Software Testing

Software testing executes software with selected inputs to reveal failures and build evidence about behavior. Gustafson's testing chapter covers testing fundamentals, coverage criteria, subsumption, functional testing, test matrices, structural testing, data flow testing, random testing, operational profiles, statistical inference, and boundary testing. The examples repeatedly use the classic triangle classification problem because it exposes how easy it is to miss important cases.

Testing is not exhaustive for realistic programs. A function with two 32-bit integer inputs has more than $2^{64}$ possible input pairs. The engineering problem is therefore selection: choose tests that are meaningful, cover important domains or code structures, and expose likely faults. Coverage criteria provide stopping rules and force attention to parts of the specification or implementation that a developer might unconsciously avoid.

Definitions

A test case consists of input data, execution conditions, and expected output or behavior. Without an expected result, a test run is only an experiment.
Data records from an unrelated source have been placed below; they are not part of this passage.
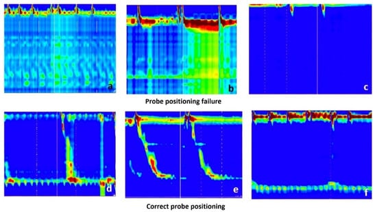Failure in probe positioning vs. correct probe positioning; (a) Lower esophageal sphincter (LES) is not clearly visible. There are several zones of high pressure, in the lower part of the esophagus, but with “mirror” effect suggesting a folded catheter; (b) LES is visible, however, during a swallow with pressurization, there is also an important pressurization at the gastric level, which is a “mirror” effect, suggesting that the probe coiled in the esophagus; (c) LES is not visible at all. In the lower images (d–f), the LES is clearly visible (as a green-yellow line in the lower part of the image, determined by the pressure of the LES), and below LES there is a blue band, suggesting that some sensors are in the stomach (the gastric pressure is the reference for manometric measurements).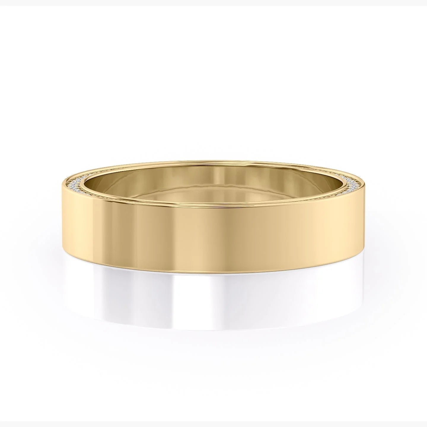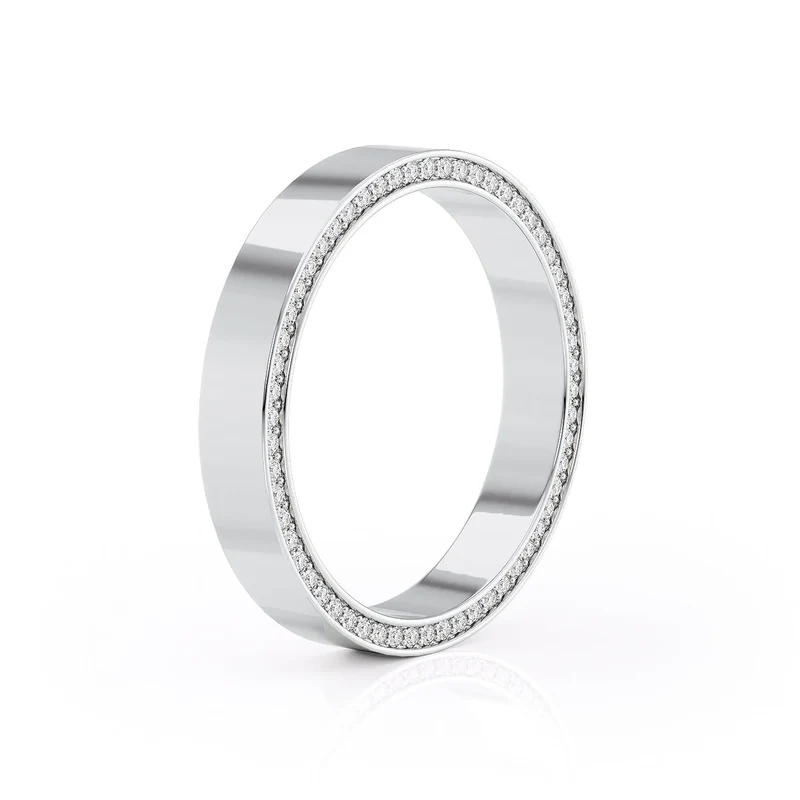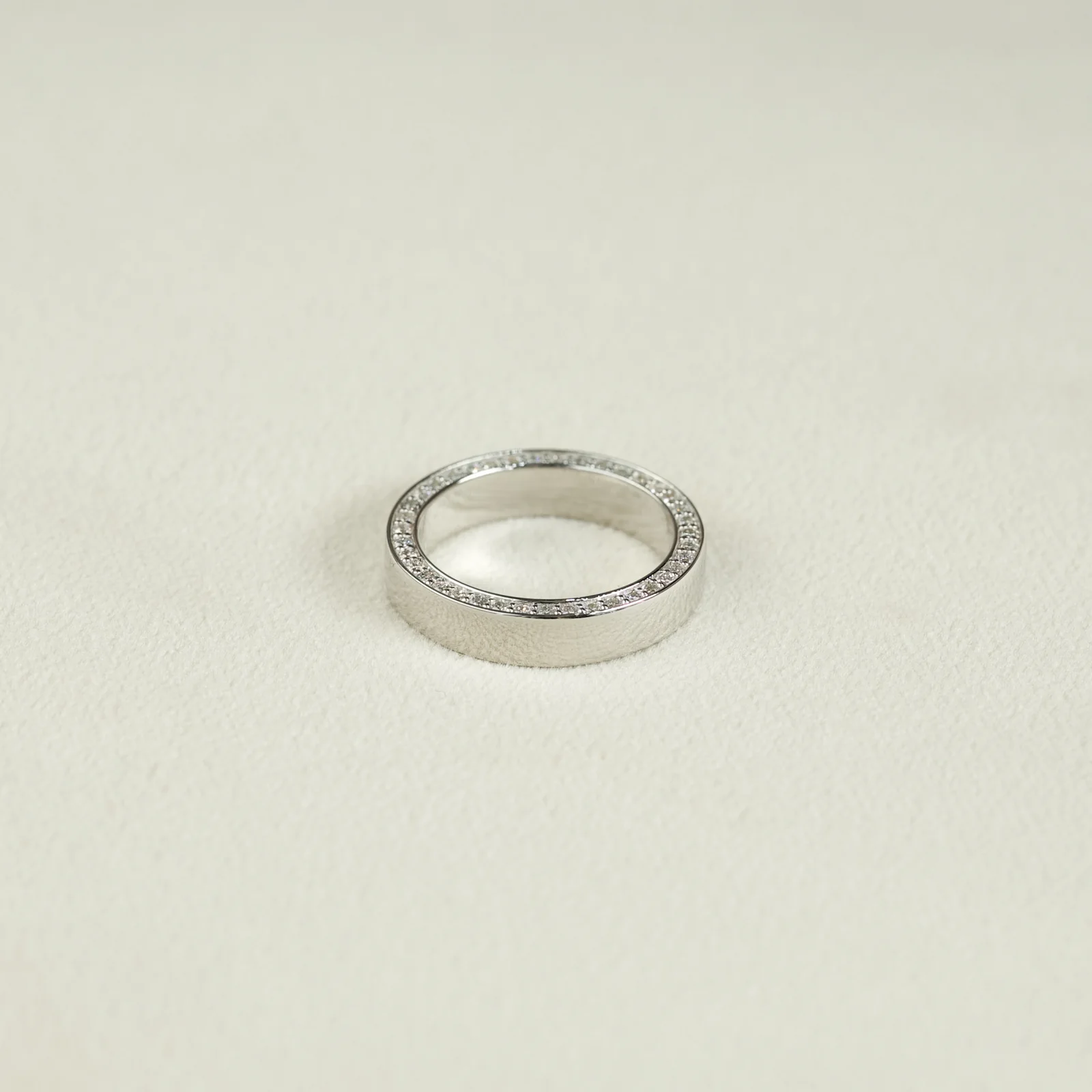 The Andrew features an incredibly modern design with a smooth, streamlined silhouette. Its minimalist exterior gives way to a channel of pave set diamonds glimmering along its inner edges. The high polished and matte finishes provide a sleek, sturdy feel, while the hammered finish adds an element of texture and movement. The band gives a firm and everlasting vibe, with a touch of resilient diamond shine.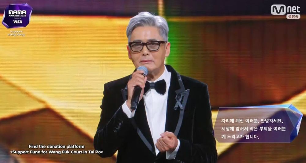 주윤발, 홍콩 참사 애도하며 울컥 "위로의 말씀 전하고파"[2025 MAMA]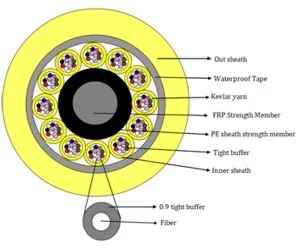 6-8-12-24 Core GJFPV Breakout Tight Buffer Fiber Optic Cable use simplex cable(Φ900µm tight buffer fiber, aramid yarn as strength member) as subunit. A fiber reinforced plastic(FRP) locates in the center of core as a non-metallic strength member.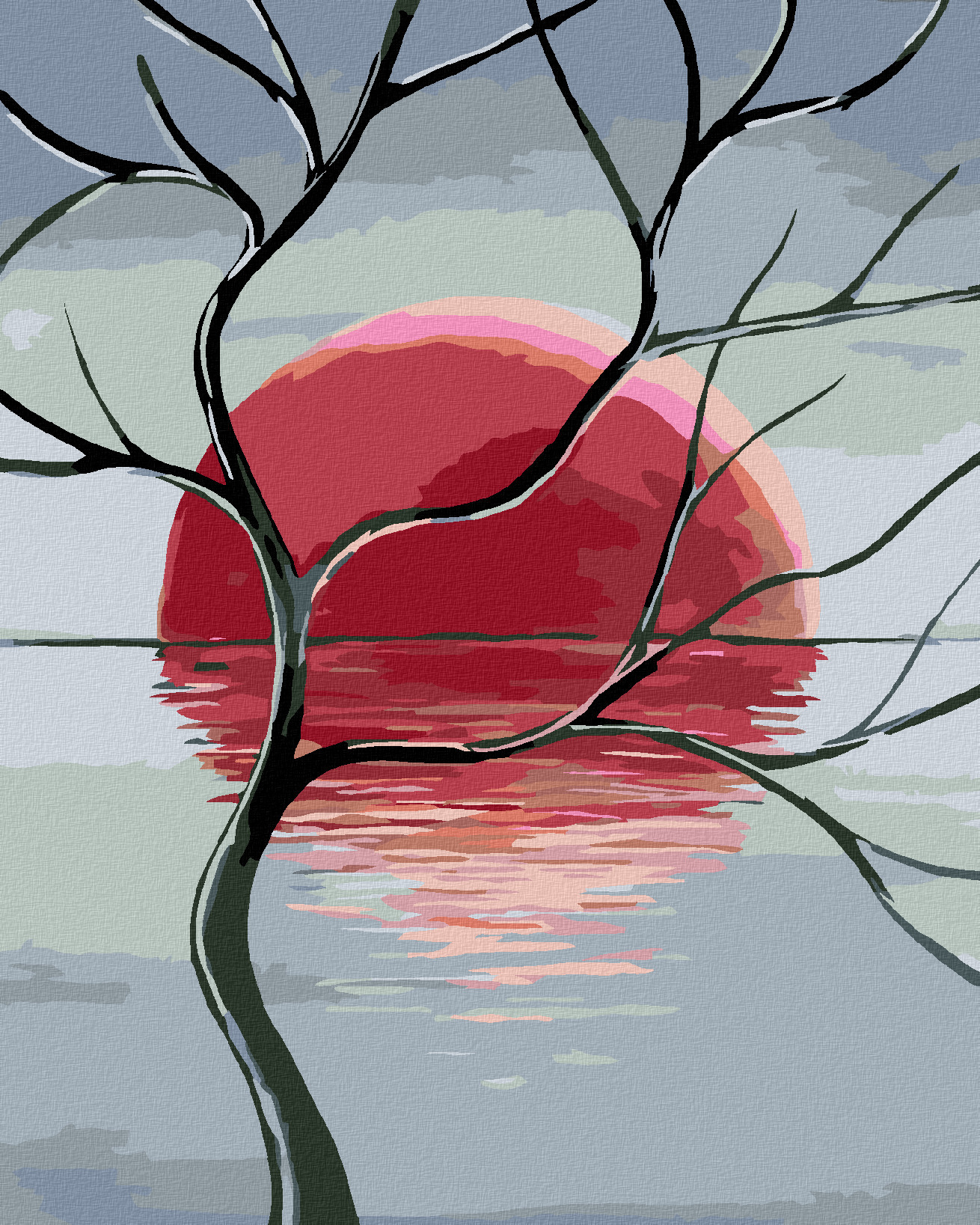 Malování podle čísel - STARÝ STROM A ZÁPAD SLUNCE - 80x100 cm, bez rámu a bez vypnutí plátna

A test coverage criterion is a rule for selecting tests and deciding when enough tests have been run for a given purpose. Criteria include functional subdomain coverage, every-statement coverage, every-branch coverage, data flow coverage, and boundary coverage.

Criterion A subsumes criterion B if every test set satisfying A also satisfies B. Subsumption compares logical strength, not real-world fault-finding quality. A poor test set satisfying a stronger criterion may be worse than a thoughtful test set satisfying a weaker one.

Functional testing derives tests from the specification. It partitions inputs and expected outputs into subdomains such as normal cases, special cases, error cases, and tricky user misconceptions.

A test matrix lists test cases against conditions, outputs, paths, or code elements to show what each test covers.

Structural testing derives tests from source code structure. C0 coverage or every-statement coverage requires every statement to execute at least once. C1 coverage or every-branch coverage requires both outcomes of every decision.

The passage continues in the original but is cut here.